## Assigned task
The data below is to be written out exactly, with no pictures.

········

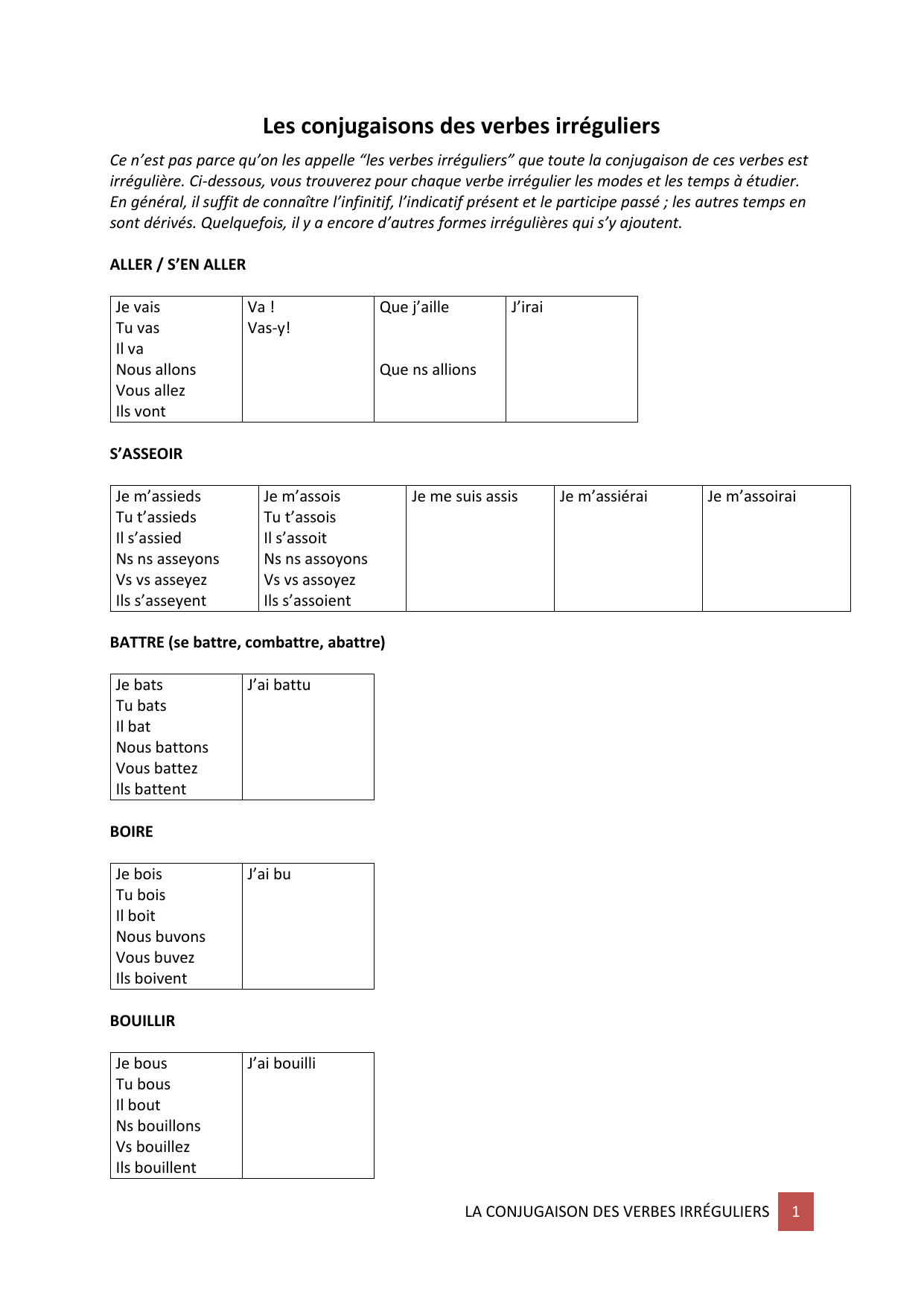 irrégulière. Ci-dessous, vous trouverez pour chaque verbe irrégulier les modes et les temps à étudier.
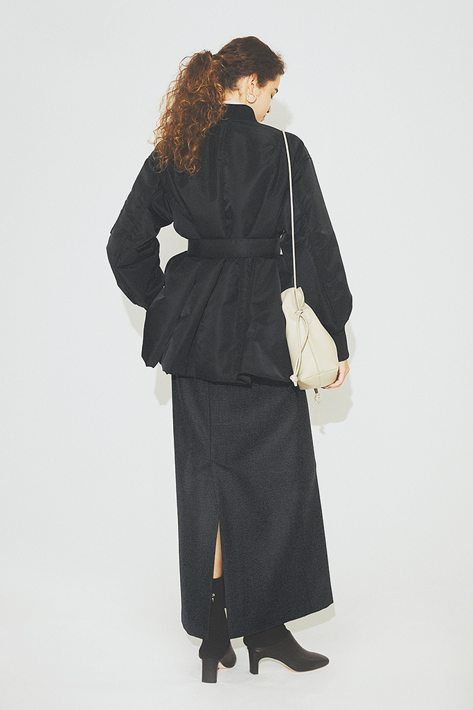 立体的なナイロンジャケットのボリューム感を、ストレートなIラインスカートがスマートに受け止める。重×長のバランスも、潔く入ったバックスリットが「抜け」として作用し、重厚感を回避。白のタートルとクリーンなバッグで光を差すことで、ALLブラックに近い配色にもリズムが生まれる。
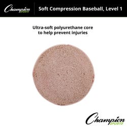 Give young players a safe introduction to baseball with the Level 1 Champion Sports Soft Compression Baseball. Features an ultra-soft polyurethane core to help prevent injuries and a tough Syntex leather cover that can stand up to everyday wear and tear. The level 1 baseball comes in an official size of 9 inches and weight 9 oz, helping players aged 5 to 7 to get accustomed to pitching, hitting and catching with the proper form.
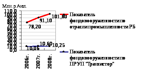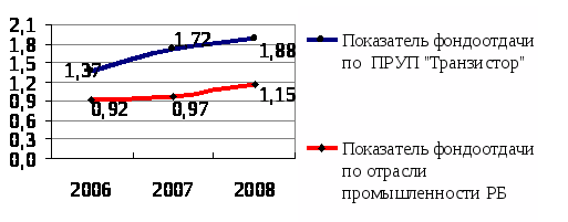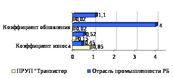 Представленные показатели свидетельствуют о том, что на ПРУП "Транзистор" в сравнении с показателями по отрасли промышленности Республики Беларусь имеет место значительный износ основных фондов, коэффициент годности по предприятию в 3,5 раза ниже, чем по отрасли промышленности. Возобновляется столько же основных средств, сколько и выбывает, в то время как по отрасли промышленности новые основные фонды направляются на пополнение действующих, что обеспечивает их значительный прирост.
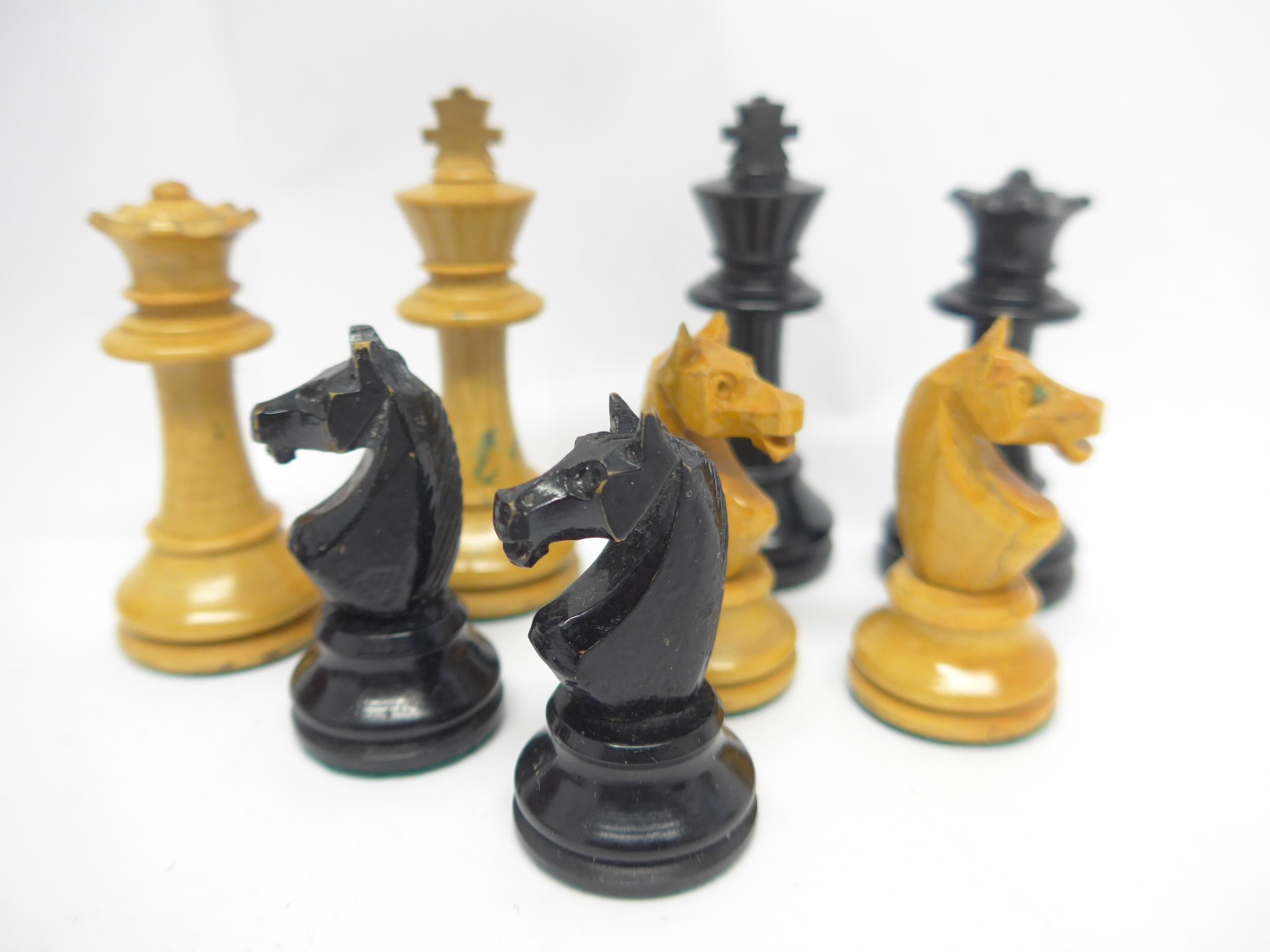 A vintage wooden chess set, tallest piece 7cm, and a set of ...
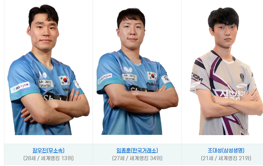 - 장우진(29, 세계랭킹 13위): 2020 도쿄 올림픽 단체전 4위, 단식 9위. 2022 항저우 아시안게임에서 은메달 2개, 동메달 2개 획득. 파리 올림픽에서 단체전 및 개인전 동메달 목표.
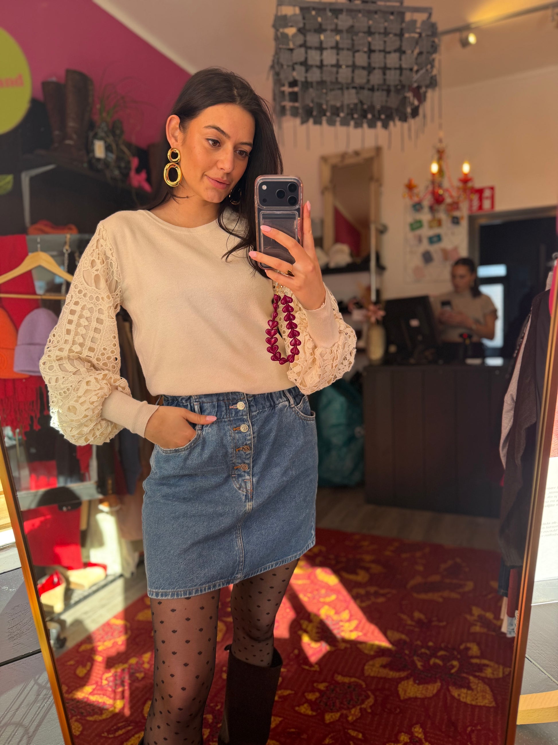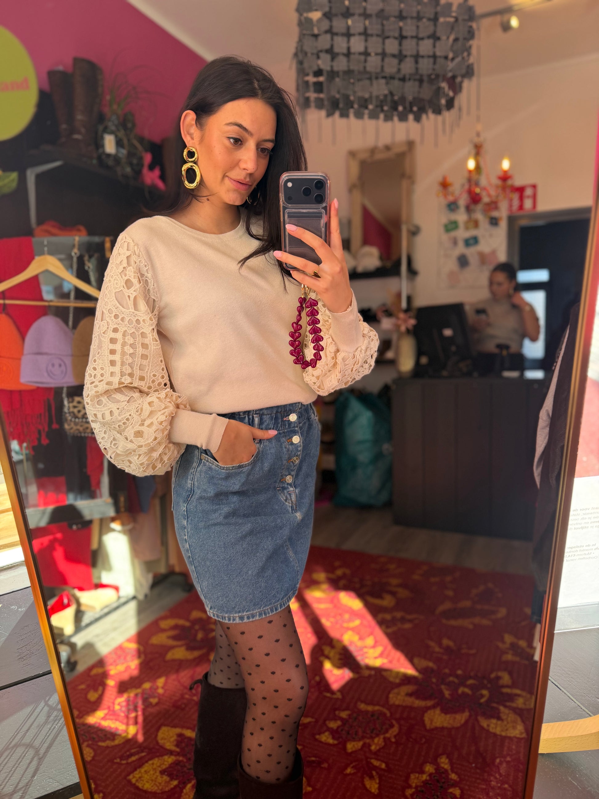 Dominique is 173 cm lang en draagt verschillende maten op de foto’s.
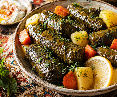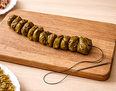 スパイスを効かせたひき肉を繊細な若葉で一つひとつ包み込み、それらを針と糸で数珠つなぎにしていきます。これは、大きな鍋(カザン)の中で大量のお米と炊き込んでも、形を崩さず美しさを保つための古くからの知恵。炊き上がりの瞬間、お米の上に輝くドルマからするりと糸を引き抜く仕草は、おもてなしの席を最高潮に彩る特別な儀式です。
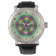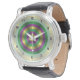Si te gusta el Mardi Gras, este diseño será genial para ti. Los tonos verdes, dorados y violetas están dispuestos en anillos que van de la oscuridad a la luz, lo que da al círculo un aspecto 3D. Este reloj está disponible en una variedad de tamaños y estilos, incluyendo niños y adultos.

········

## Solution for this problem
 irrégulière. Ci-dessous, vous trouverez pour chaque verbe irrégulier les modes et les temps à étudier.
 立体的なナイロンジャケットのボリューム感を、ストレートなIラインスカートがスマートに受け止める。重×長のバランスも、潔く入ったバックスリットが「抜け」として作用し、重厚感を回避。白のタートルとクリーンなバッグで光を差すことで、ALLブラックに近い配色にもリズムが生まれる。
 Give young players a safe introduction to baseball with the Level 1 Champion Sports Soft Compression Baseball. Features an ultra-soft polyurethane core to help prevent injuries and a tough Syntex leather cover that can stand up to everyday wear and tear. The level 1 baseball comes in an official size of 9 inches and weight 9 oz, helping players aged 5 to 7 to get accustomed to pitching, hitting and catching with the proper form.
 Представленные показатели свидетельствуют о том, что на ПРУП "Транзистор" в сравнении с показателями по отрасли промышленности Республики Беларусь имеет место значительный износ основных фондов, коэффициент годности по предприятию в 3,5 раза ниже, чем по отрасли промышленности. Возобновляется столько же основных средств, сколько и выбывает, в то время как по отрасли промышленности новые основные фонды направляются на пополнение действующих, что обеспечивает их значительный прирост.
 A vintage wooden chess set, tallest piece 7cm, and a set of ...
 - 장우진(29, 세계랭킹 13위): 2020 도쿄 올림픽 단체전 4위, 단식 9위. 2022 항저우 아시안게임에서 은메달 2개, 동메달 2개 획득. 파리 올림픽에서 단체전 및 개인전 동메달 목표.
 Dominique is 173 cm lang en draagt verschillende maten op de foto’s.
 スパイスを効かせたひき肉を繊細な若葉で一つひとつ包み込み、それらを針と糸で数珠つなぎにしていきます。これは、大きな鍋(カザン)の中で大量のお米と炊き込んでも、形を崩さず美しさを保つための古くからの知恵。炊き上がりの瞬間、お米の上に輝くドルマからするりと糸を引き抜く仕草は、おもてなしの席を最高潮に彩る特別な儀式です。
Si te gusta el Mardi Gras, este diseño será genial para ti. Los tonos verdes, dorados y violetas están dispuestos en anillos que van de la oscuridad a la luz, lo que da al círculo un aspecto 3D. Este reloj está disponible en una variedad de tamaños y estilos, incluyendo niños y adultos.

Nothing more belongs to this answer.